-------- Data in this exercise

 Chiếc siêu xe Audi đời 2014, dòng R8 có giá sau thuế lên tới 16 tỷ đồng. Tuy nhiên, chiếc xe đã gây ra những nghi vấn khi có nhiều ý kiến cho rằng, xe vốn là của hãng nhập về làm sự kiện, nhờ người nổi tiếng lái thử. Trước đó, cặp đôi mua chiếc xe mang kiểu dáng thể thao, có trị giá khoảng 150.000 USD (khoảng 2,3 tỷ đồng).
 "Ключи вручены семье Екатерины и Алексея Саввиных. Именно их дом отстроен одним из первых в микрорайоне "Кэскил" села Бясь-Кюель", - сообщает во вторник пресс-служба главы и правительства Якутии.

----------------
-------- Data in this exercise

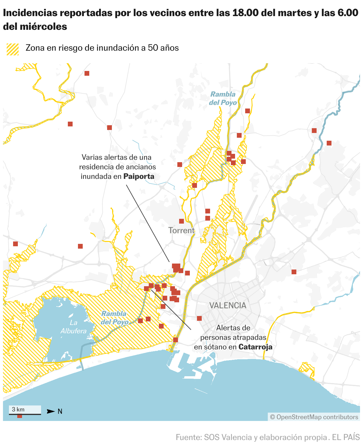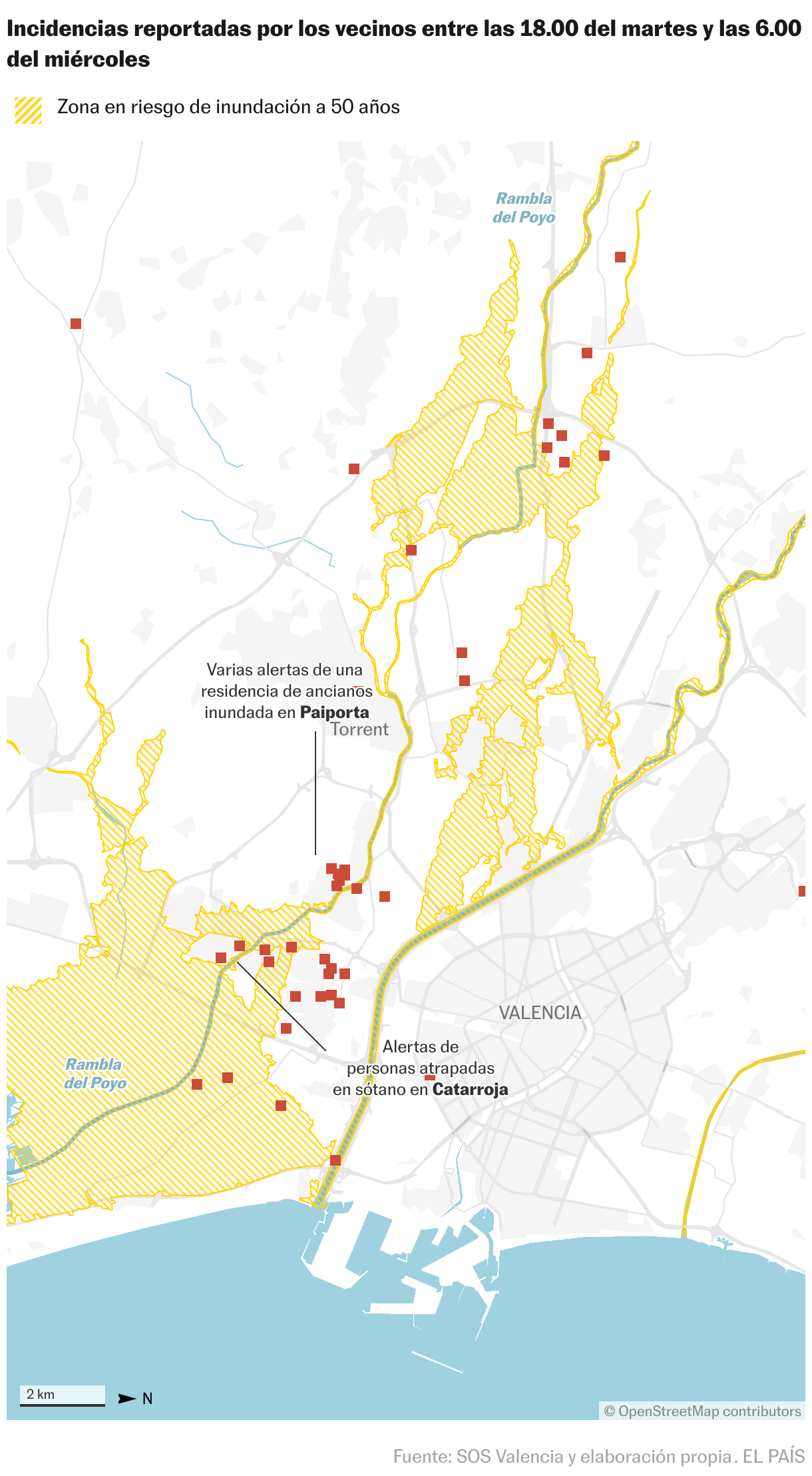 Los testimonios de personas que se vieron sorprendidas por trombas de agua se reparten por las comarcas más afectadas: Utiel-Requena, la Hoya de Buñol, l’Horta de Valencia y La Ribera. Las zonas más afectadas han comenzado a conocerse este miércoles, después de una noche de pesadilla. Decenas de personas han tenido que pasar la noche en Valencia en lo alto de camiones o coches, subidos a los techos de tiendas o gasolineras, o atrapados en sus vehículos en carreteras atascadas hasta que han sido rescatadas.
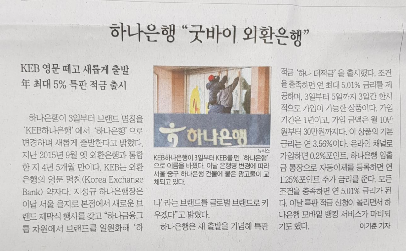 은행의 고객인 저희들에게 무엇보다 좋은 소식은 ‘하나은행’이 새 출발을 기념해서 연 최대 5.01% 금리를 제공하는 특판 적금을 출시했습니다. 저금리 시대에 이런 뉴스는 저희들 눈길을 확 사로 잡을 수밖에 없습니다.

----------------

◆ Your instructions ◆
Give only the lines from the one holding "Chiếc siêu xe" through the one holding "и правительства Якутии.", each restated exactly as it appears above.

◆ Answer to the problem ◆
 Chiếc siêu xe Audi đời 2014, dòng R8 có giá sau thuế lên tới 16 tỷ đồng. Tuy nhiên, chiếc xe đã gây ra những nghi vấn khi có nhiều ý kiến cho rằng, xe vốn là của hãng nhập về làm sự kiện, nhờ người nổi tiếng lái thử. Trước đó, cặp đôi mua chiếc xe mang kiểu dáng thể thao, có trị giá khoảng 150.000 USD (khoảng 2,3 tỷ đồng).
 "Ключи вручены семье Екатерины и Алексея Саввиных. Именно их дом отстроен одним из первых в микрорайоне "Кэскил" села Бясь-Кюель", - сообщает во вторник пресс-служба главы и правительства Якутии.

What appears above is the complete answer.